Penulis Kontroversial Ayu Utami

Penulis Kontroversial Ayu Utami



Karir Musik dan Literatur Dewi Lestari

Anda pernah dengar nama Dewi Lestari? Wanita nan selalu tampil dengan rambut pendek ini ialah salah satu penulis novel Indonesia nan sangat diperhitungkan di global literasi. Namanya selalu dikait-kaitkan dengan novel memukai berjudul Supernova.

Wanita nan lahir di Bandung pada 20 Januari 1976 ini mulai dikenal saat ia bergabung dengan grup vokal wanita bernama RSD (Rida Sita Dewi). Sebelumnya, lulusan jurusan Interaksi Internasional di Universitas Parahyangan ini sudah pernah menyanyi sebagai backing vocal. Chrisye dan band Java Jive ialah dua nama besar nan pernah bekerja sama dengan wanita nan akrab dipanggil “Dee” ini.

Sekitar Mei 1994, RSD terbentuk dan meluncurkan album perdana pada tahun 1995 berjudul “Antara Kita”. Pada tahun 1997, album kedua berjudul “Bertiga” dilempar ke pasaran.

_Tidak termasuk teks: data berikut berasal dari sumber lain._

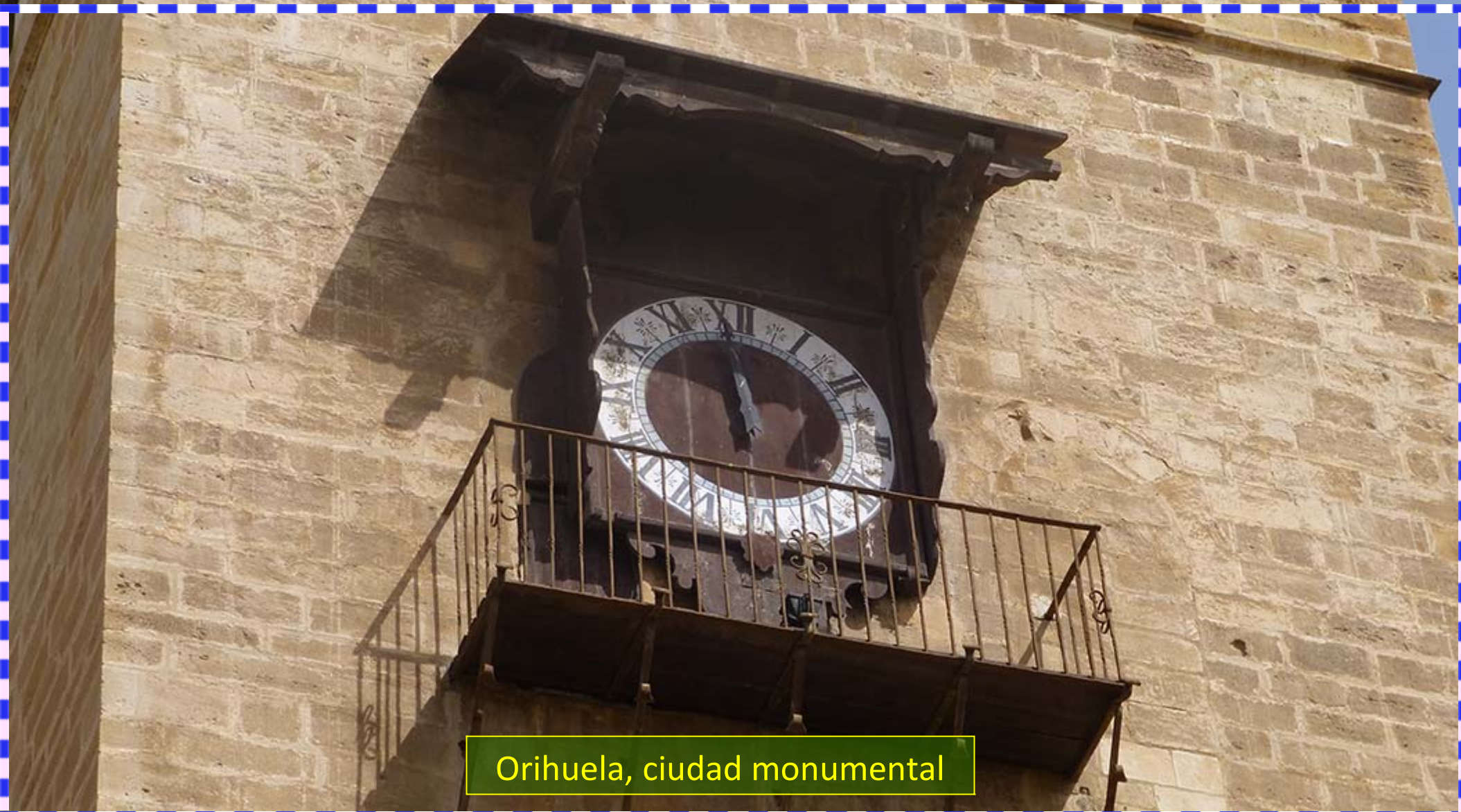
Orihuela, ciudad monumental
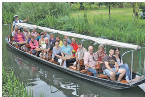
Unterwegs im Spreewald mit dem stakenden Fährmann sind unsere Leser*innen im Sommer 2025.

Anmeldungen sind ab sofort bei den Reporter-Leser-Reisen des Burg-Verlages in Eutin, Montag bis
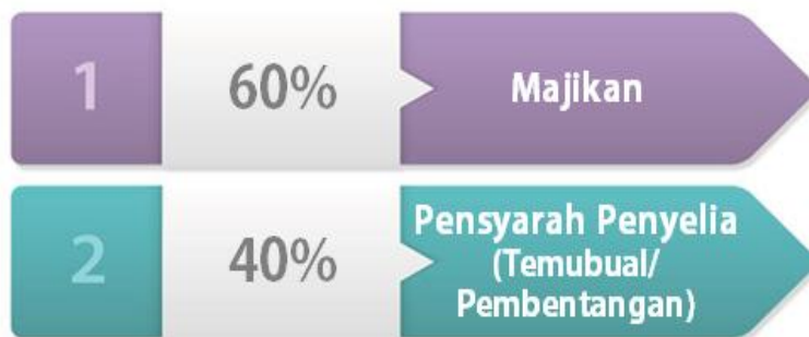
Rajah 3.2: Kriteria Penilaian LI (Sijil Asas Kolej Komuniti).
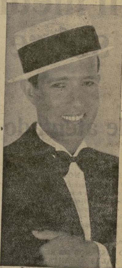
Rafael Rivelles, notable actor, protagonista de muchas películas españolas

También la "C. E. A.", formada por los autores españoles, se aprestan a lanzar su emisión, con el mismo fin que "E. C. S. A.", y seguramente obtendrán el mismo lisonjero resultado, lo que celebraremos muy de veras.
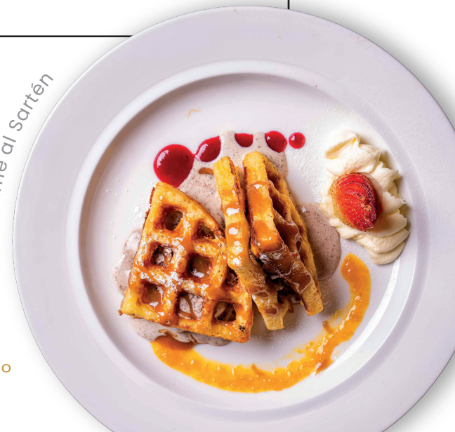
Waffle al Sartén

Nuestros precios incluyen impuesto al consumo
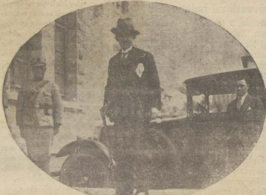
İsmet Pş. meclise giriyor

Millî müdafaa işlerinde ihtiyat ve tedbirliyiz, adli islahat muhafaza edilecek, şimendiferler siyasetine devam, işsizlikle meşgul olunacak, memurların maaşları eksilmeyecek bilâkis refahları için tedbirler alınacak, vergiler imkan dahilinde indirilecektir.

Setelah itu muncul pula album “Satu” di tahun 1999. Setelah cukup lama di global musik, RSD meluncurkan album “The Best of Rida Sita Dewi” di tahun 2002. Dewi Lestari sendiri pernah bersolo karir dengan album “Out of Shell” di tahun 2006 dan album “RectoVerso” pada 2008. Lagu andalannya nan sempat melejit di sekitar tahun 2009 ialah “Malaikat Juga Tahu”.



Literasi

Di global literasi atau kepenulisan, Dewi “Dee” Lestari sudah aktif menulis sejak jauh sebelum Supernova terbit. Ia pernah menulis beberapa cerita di berbagai media. Contoh karya-karya terdahulu dari penulis novel Indonesia ini ialah cerpen “Sikat Gigi” nan dimuat oleh bulletin Ventilasi Newsletter, atau tulisan berjudul “Ekspresi” buat Majalah Gadis, dan juga cerbung “Rico the Coro” nan pernah dimuat di Majalah Mode.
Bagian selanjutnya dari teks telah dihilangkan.